WHAT TO PRODUCE: All lines from the one containing "Title : Detachable" through the end of the material below are to be printed exactly, both ends included, minus pictures.

SUPPLIED INFORMATION:
----
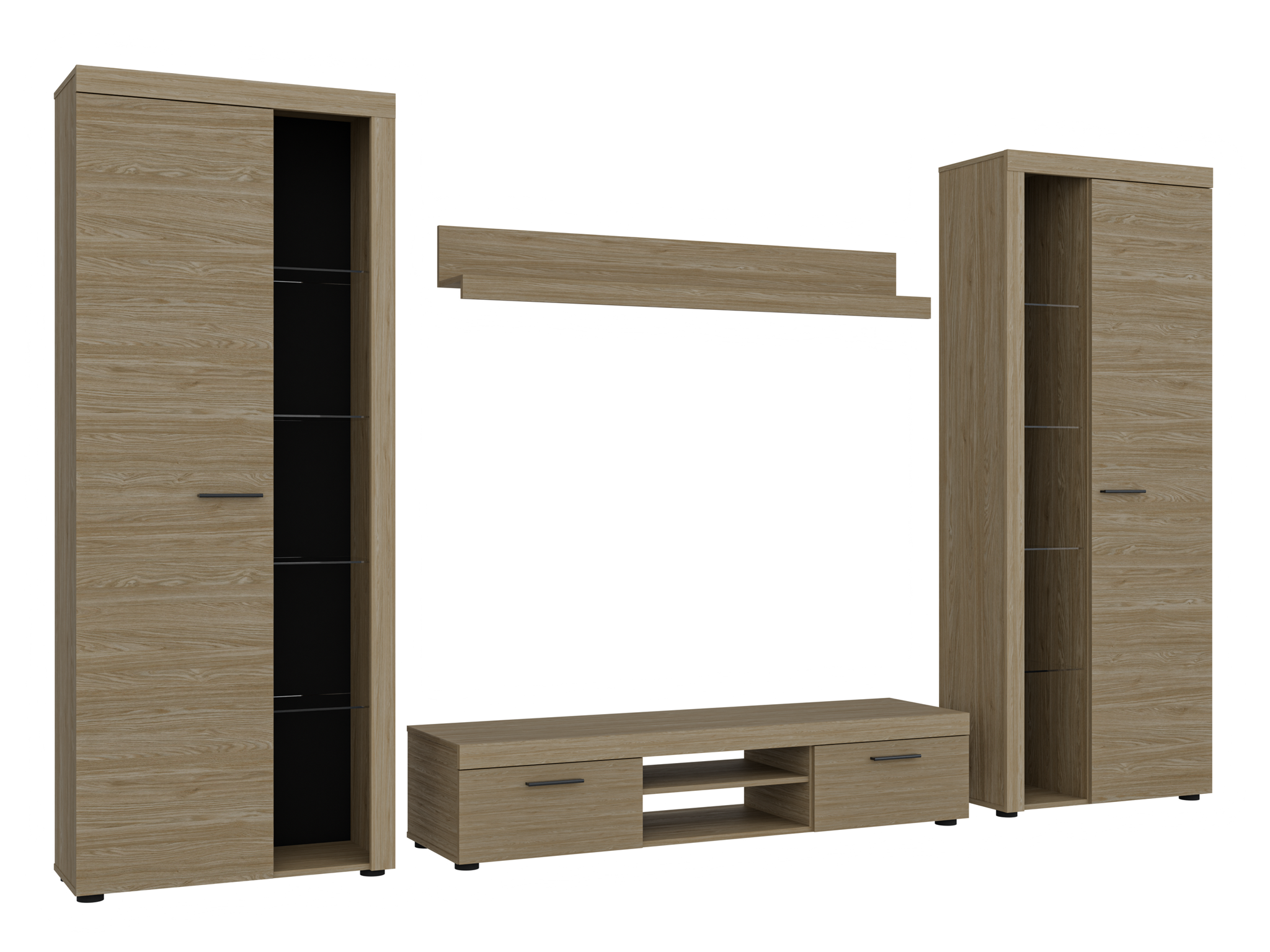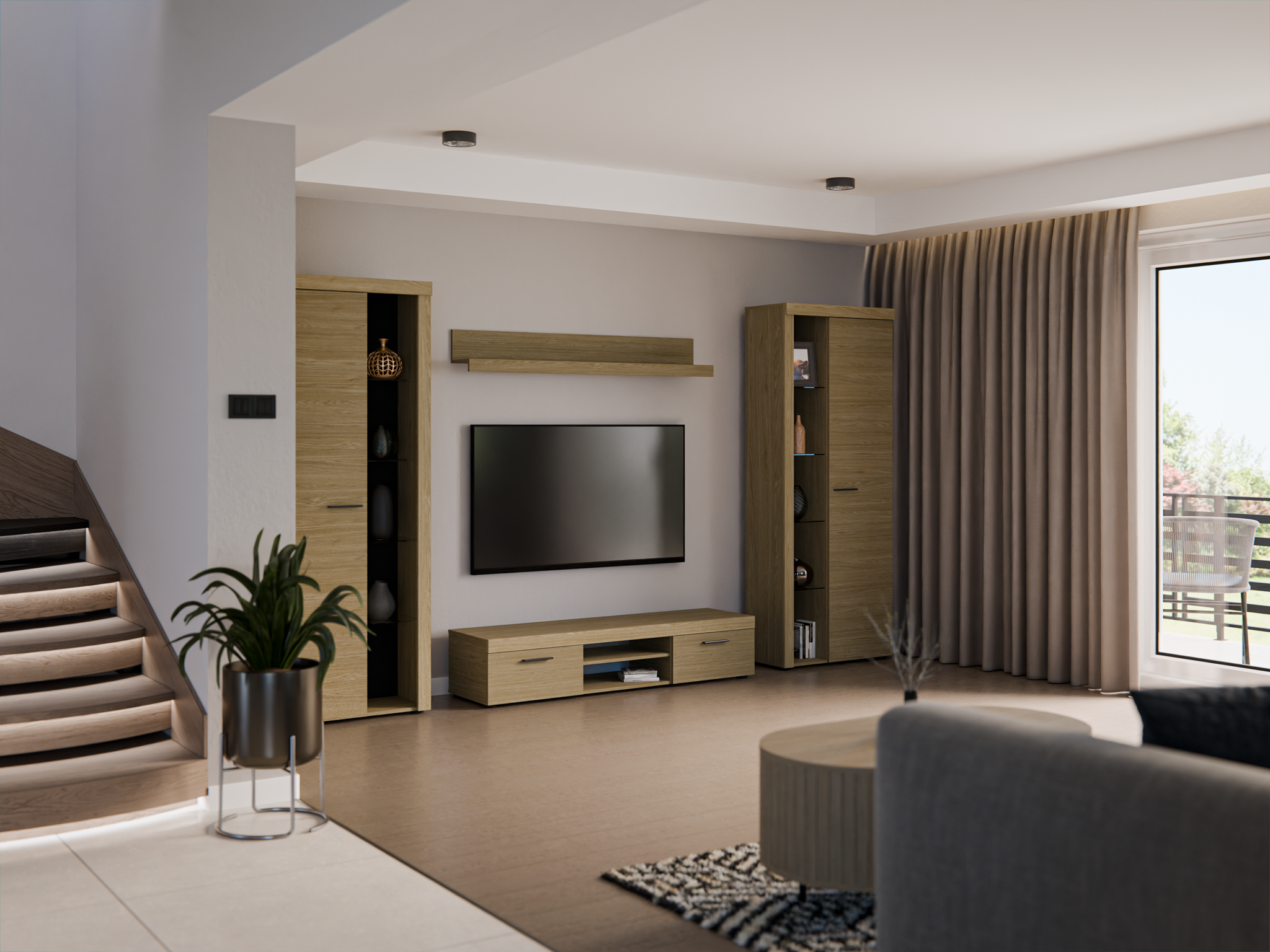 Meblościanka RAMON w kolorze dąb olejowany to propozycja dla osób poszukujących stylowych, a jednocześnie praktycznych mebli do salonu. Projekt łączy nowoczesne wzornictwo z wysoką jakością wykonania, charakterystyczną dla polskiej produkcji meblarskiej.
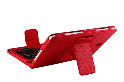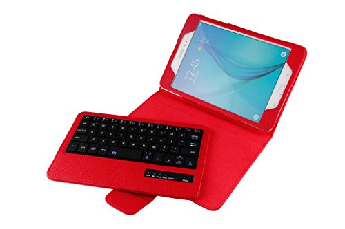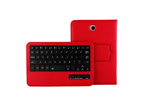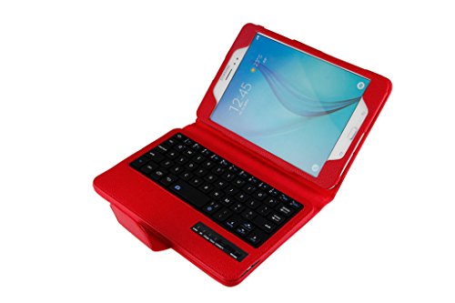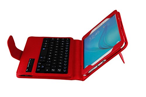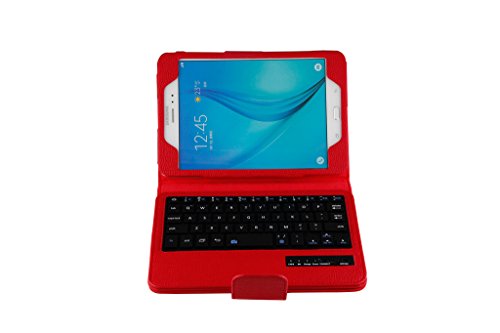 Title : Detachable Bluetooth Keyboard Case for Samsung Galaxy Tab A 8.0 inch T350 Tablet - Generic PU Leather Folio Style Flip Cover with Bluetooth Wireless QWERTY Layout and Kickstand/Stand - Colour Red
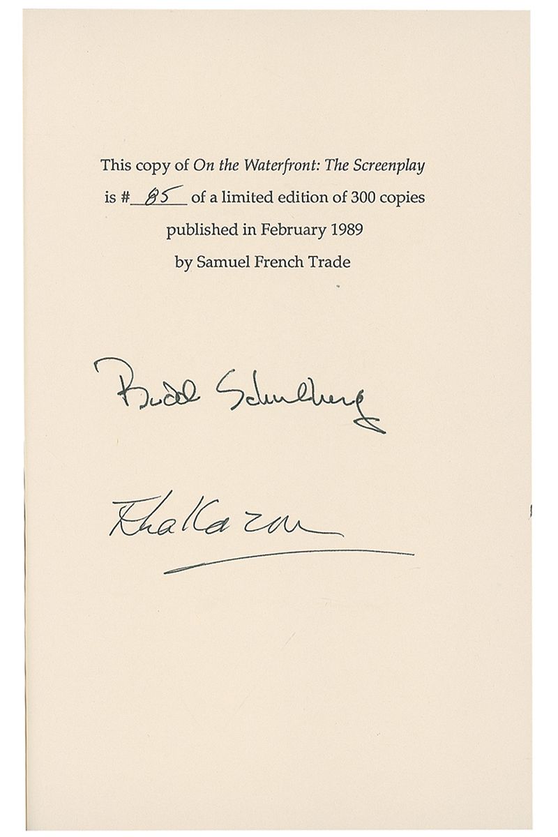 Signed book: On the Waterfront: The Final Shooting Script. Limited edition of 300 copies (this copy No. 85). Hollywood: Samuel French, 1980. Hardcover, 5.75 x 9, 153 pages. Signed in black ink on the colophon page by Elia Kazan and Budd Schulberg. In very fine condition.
----
COMPLETED EXERCISE:
 Title : Detachable Bluetooth Keyboard Case for Samsung Galaxy Tab A 8.0 inch T350 Tablet - Generic PU Leather Folio Style Flip Cover with Bluetooth Wireless QWERTY Layout and Kickstand/Stand - Colour Red
 Signed book: On the Waterfront: The Final Shooting Script. Limited edition of 300 copies (this copy No. 85). Hollywood: Samuel French, 1980. Hardcover, 5.75 x 9, 153 pages. Signed in black ink on the colophon page by Elia Kazan and Budd Schulberg. In very fine condition.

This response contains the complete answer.